[Records provided — start]
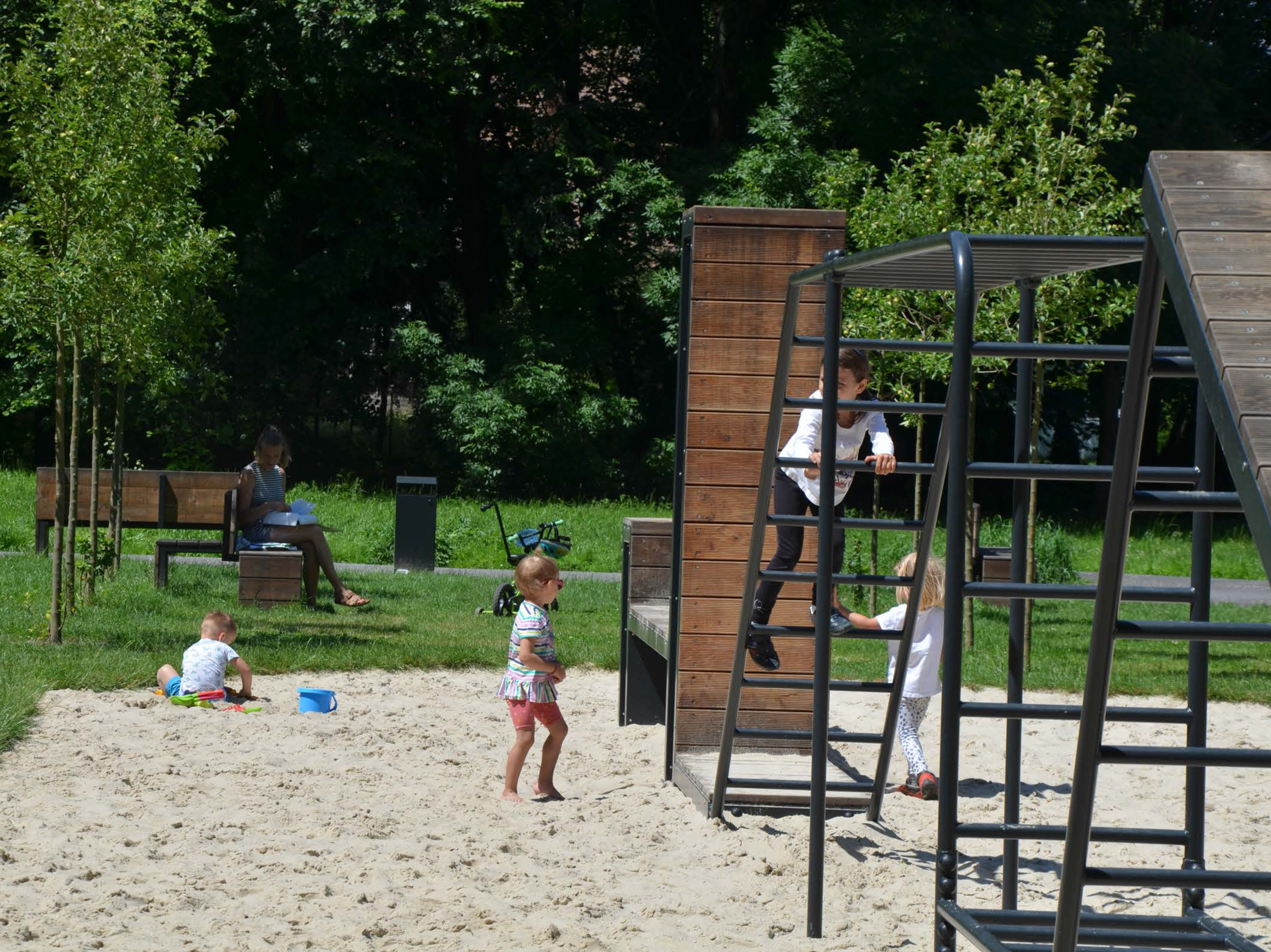 Nadrzędną troską przy tworzeniu projektu było zachowanie równowagi pomiędzy zastanym charakterem parku i planowaną weń ingerencją. Pomyślana więc ona została w taki sposób, by mogła łatwo wniknąć w krajobraz parku, dać się wchłonąć organiczności tego miejsca i stworzyć harmonijną relację pomiędzy naturą, decyzjami niegdysiejszych twórców parku a proponowanymi urządzeniami przyszłego placu zabaw. Dlatego projektowana aranżacja wykorzystuje istniejące już elementy parku, jak piaskownica, ścieżki, enklawy drzew i krzewów, łącząc się organicznie z zastanym krajobrazem, a nierzadko niknąc w nim całkowicie. Sprzyja temu także przemyślana i niewysycona kolorystyka urządzeń, stosowana dyskretnie i z umiarem. Plac zabaw będzie więc niemal ukryty w parkowych nasadzeniach, sprawiając wrażenie, jakby istniał tam od zawsze i był jego integralną częścią. Dzięki tym zabiegom aranżacja w zrównoważony sposób sąsiadować będzie z naturą, gdzieniegdzie manifestując tylko swoją obecność, a to z kolei stanowić będzie znakomite, nacechowane ekskluzywnością, zaproszenie do skorzystania z placu zabaw.
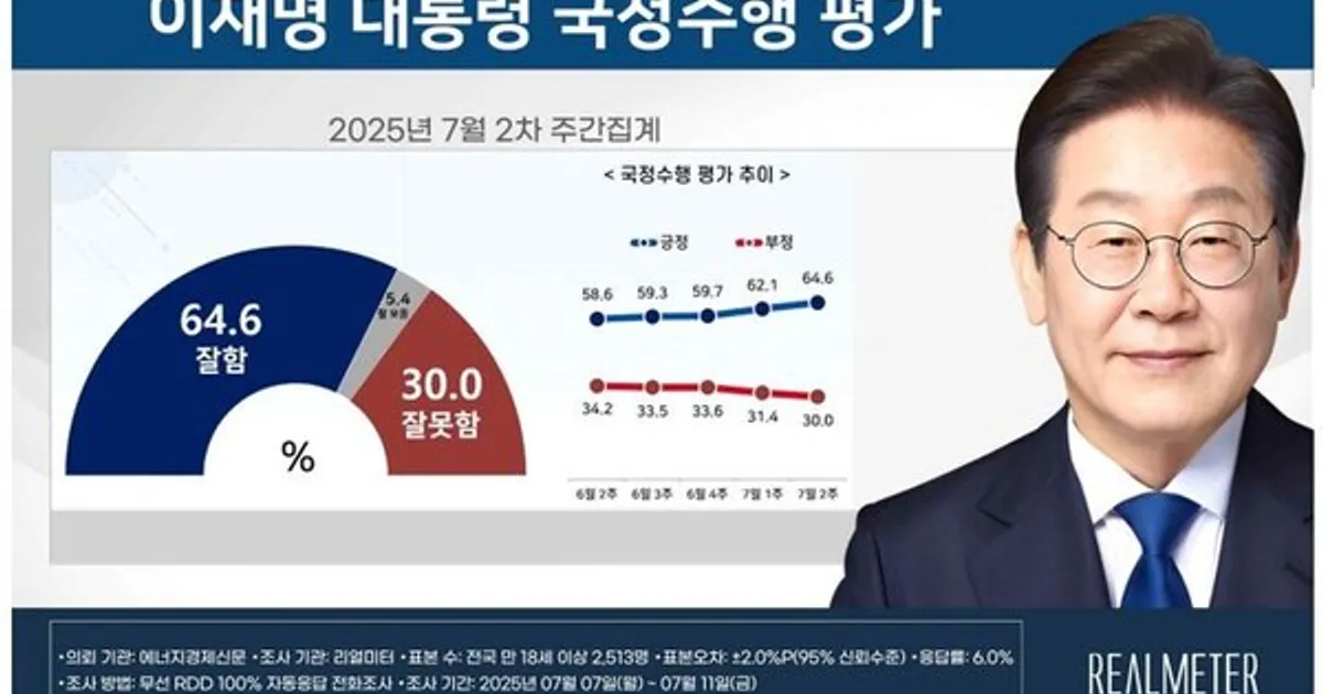 이 대통령 국정수행 '잘한다' 64.6%·'잘못한다' 30.0%[리얼미터]
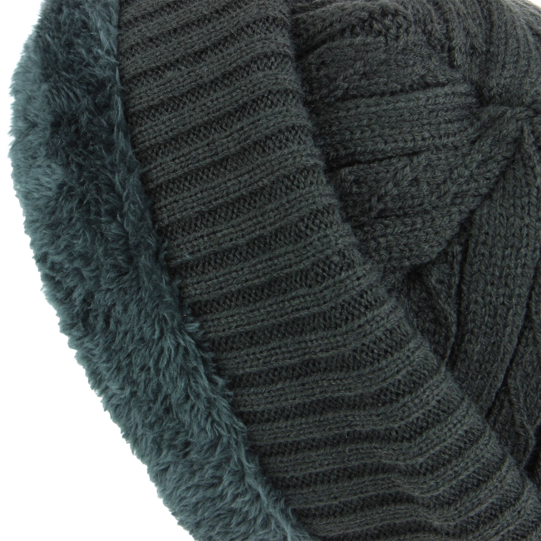 Fine knit beanie hat with a ribbed turn-up and a super soft acrylic fleece lining.
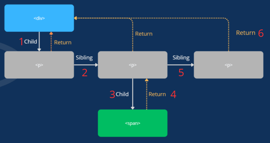 Praca w środku Reacta jest wykonywana wewnątrz pętli workLoop, która iteruje po kolejnych jednostkach pracy. Dla każdego z węzłów wywoływane są dwie kluczowe funkcje – beginWork oraz completeWork. Funkcja beginWork odpowiada za przetwarzanie danego węzła Fiber, wywołuje funkcję komponentu, tworzy lub aktualizuje dzieci węzła, porównuje wynik z poprzednim drzewem oraz ustala, jakie zmiany należy wprowadzić w kolejnej fazie. Funkcja completeWork jest wywoływana po przetworzeniu wszystkich dzieci węzła i odpowiada za końcowe obliczenia dla danego Fiber, przygotowując efekty do commit phase oraz scalając efekty dzieci w tzw. effect list. Dzięki takiej organizacji React może wstrzymać pracę w dowolnym momencie i wznowić ją później, co pozwala obsłużyć zadania o wyższym priorytecie bez blokowania interfejsu.
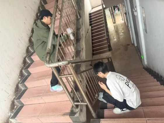 在高楼杂物清理现场,同学们用废旧床单制作“环保运输滑道”;改造保洁车成为“移动工具站”;更有学生即兴创作垃圾分类墙绘。这些鲜活的实践场景,正是“五育并举”教育理念在生活场域的生根发芽。
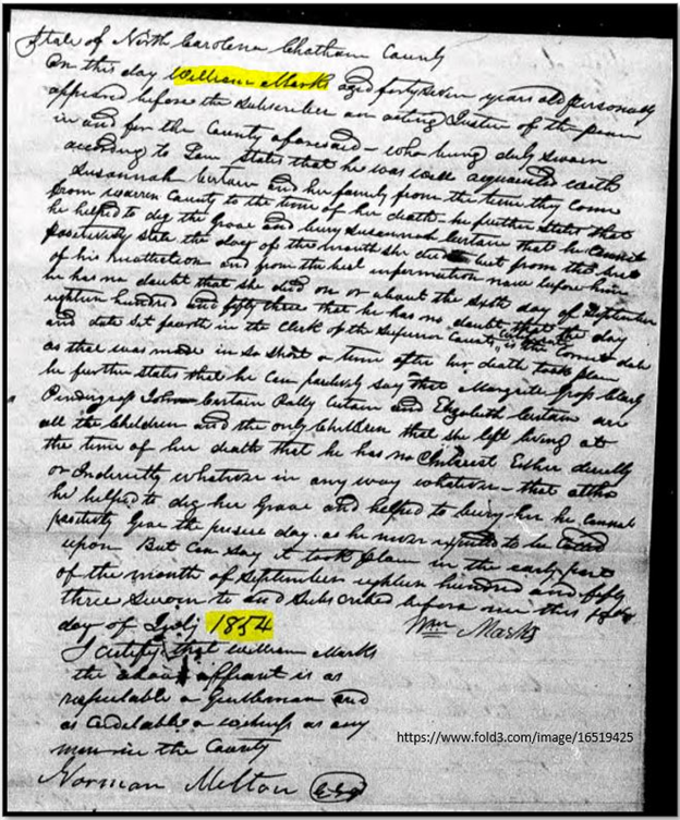 Abner Gunter Esq. age seventy-six years old, a native resident of Chatham County and the county register for thirty years, states that, “he has been well acquainted with Susannah Certain and her children from the time they came from Warren County to the time of her death. That she lived in his immediate neighborhood for many years…that she was this deponent’s wife’s aunt, (proving that Susan Marks Gunter is the daughter of William Marks and Temperance Wright) that the deponent now owns and resides on the plantation that William Marks, the brother-in-law of Susannah Marks (should say Certain?) lived and that the family burying ground or graveyard for the family is on his plantation. That some time in the early part of September 1853 he was informed that Susannah Certain was dead and they come to his place and dug her grave in the family graveyard, and she was buried.”
[Records provided — finish]
- Task brief -
In your copy, every entry above must match word for word, and no picture may appear.

- Answer section -
 Nadrzędną troską przy tworzeniu projektu było zachowanie równowagi pomiędzy zastanym charakterem parku i planowaną weń ingerencją. Pomyślana więc ona została w taki sposób, by mogła łatwo wniknąć w krajobraz parku, dać się wchłonąć organiczności tego miejsca i stworzyć harmonijną relację pomiędzy naturą, decyzjami niegdysiejszych twórców parku a proponowanymi urządzeniami przyszłego placu zabaw. Dlatego projektowana aranżacja wykorzystuje istniejące już elementy parku, jak piaskownica, ścieżki, enklawy drzew i krzewów, łącząc się organicznie z zastanym krajobrazem, a nierzadko niknąc w nim całkowicie. Sprzyja temu także przemyślana i niewysycona kolorystyka urządzeń, stosowana dyskretnie i z umiarem. Plac zabaw będzie więc niemal ukryty w parkowych nasadzeniach, sprawiając wrażenie, jakby istniał tam od zawsze i był jego integralną częścią. Dzięki tym zabiegom aranżacja w zrównoważony sposób sąsiadować będzie z naturą, gdzieniegdzie manifestując tylko swoją obecność, a to z kolei stanowić będzie znakomite, nacechowane ekskluzywnością, zaproszenie do skorzystania z placu zabaw.
 이 대통령 국정수행 '잘한다' 64.6%·'잘못한다' 30.0%[리얼미터]
 Fine knit beanie hat with a ribbed turn-up and a super soft acrylic fleece lining.
 Praca w środku Reacta jest wykonywana wewnątrz pętli workLoop, która iteruje po kolejnych jednostkach pracy. Dla każdego z węzłów wywoływane są dwie kluczowe funkcje – beginWork oraz completeWork. Funkcja beginWork odpowiada za przetwarzanie danego węzła Fiber, wywołuje funkcję komponentu, tworzy lub aktualizuje dzieci węzła, porównuje wynik z poprzednim drzewem oraz ustala, jakie zmiany należy wprowadzić w kolejnej fazie. Funkcja completeWork jest wywoływana po przetworzeniu wszystkich dzieci węzła i odpowiada za końcowe obliczenia dla danego Fiber, przygotowując efekty do commit phase oraz scalając efekty dzieci w tzw. effect list. Dzięki takiej organizacji React może wstrzymać pracę w dowolnym momencie i wznowić ją później, co pozwala obsłużyć zadania o wyższym priorytecie bez blokowania interfejsu.
 在高楼杂物清理现场,同学们用废旧床单制作“环保运输滑道”;改造保洁车成为“移动工具站”;更有学生即兴创作垃圾分类墙绘。这些鲜活的实践场景,正是“五育并举”教育理念在生活场域的生根发芽。
 Abner Gunter Esq. age seventy-six years old, a native resident of Chatham County and the county register for thirty years, states that, “he has been well acquainted with Susannah Certain and her children from the time they came from Warren County to the time of her death. That she lived in his immediate neighborhood for many years…that she was this deponent’s wife’s aunt, (proving that Susan Marks Gunter is the daughter of William Marks and Temperance Wright) that the deponent now owns and resides on the plantation that William Marks, the brother-in-law of Susannah Marks (should say Certain?) lived and that the family burying ground or graveyard for the family is on his plantation. That some time in the early part of September 1853 he was informed that Susannah Certain was dead and they come to his place and dug her grave in the family graveyard, and she was buried.”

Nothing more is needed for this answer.